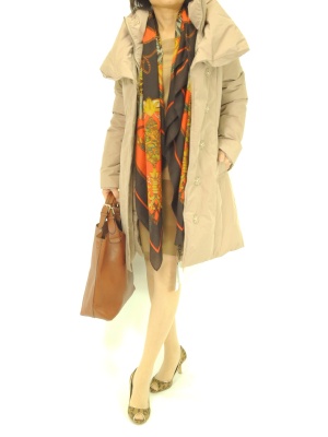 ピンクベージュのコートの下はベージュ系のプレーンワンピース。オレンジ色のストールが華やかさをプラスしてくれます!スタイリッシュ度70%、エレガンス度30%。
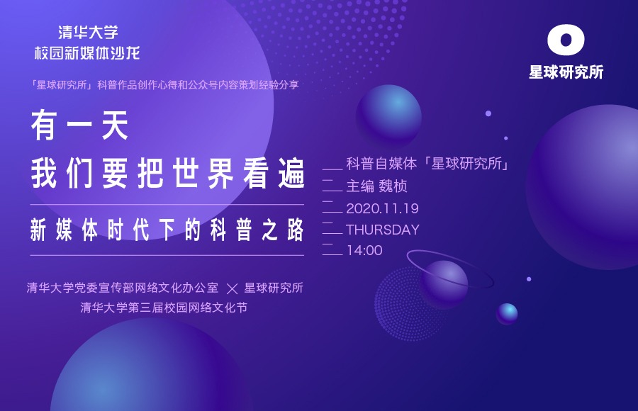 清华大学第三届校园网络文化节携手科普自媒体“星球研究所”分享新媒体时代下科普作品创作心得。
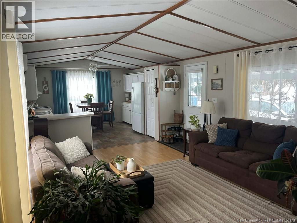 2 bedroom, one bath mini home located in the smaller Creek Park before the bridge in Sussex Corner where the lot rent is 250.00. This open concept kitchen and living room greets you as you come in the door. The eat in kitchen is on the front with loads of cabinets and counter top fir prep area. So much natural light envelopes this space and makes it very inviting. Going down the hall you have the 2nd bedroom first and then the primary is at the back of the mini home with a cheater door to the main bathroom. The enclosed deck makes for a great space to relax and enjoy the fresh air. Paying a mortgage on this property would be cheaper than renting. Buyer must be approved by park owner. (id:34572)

________________________________________

■ YOUR OBJECTIVE ■
Where a picture appears in the material above, skip it, and print the rest exactly.

■ SOLUTION TO THE EXERCISE ■
 ピンクベージュのコートの下はベージュ系のプレーンワンピース。オレンジ色のストールが華やかさをプラスしてくれます!スタイリッシュ度70%、エレガンス度30%。
 清华大学第三届校园网络文化节携手科普自媒体“星球研究所”分享新媒体时代下科普作品创作心得。
 2 bedroom, one bath mini home located in the smaller Creek Park before the bridge in Sussex Corner where the lot rent is 250.00. This open concept kitchen and living room greets you as you come in the door. The eat in kitchen is on the front with loads of cabinets and counter top fir prep area. So much natural light envelopes this space and makes it very inviting. Going down the hall you have the 2nd bedroom first and then the primary is at the back of the mini home with a cheater door to the main bathroom. The enclosed deck makes for a great space to relax and enjoy the fresh air. Paying a mortgage on this property would be cheaper than renting. Buyer must be approved by park owner. (id:34572)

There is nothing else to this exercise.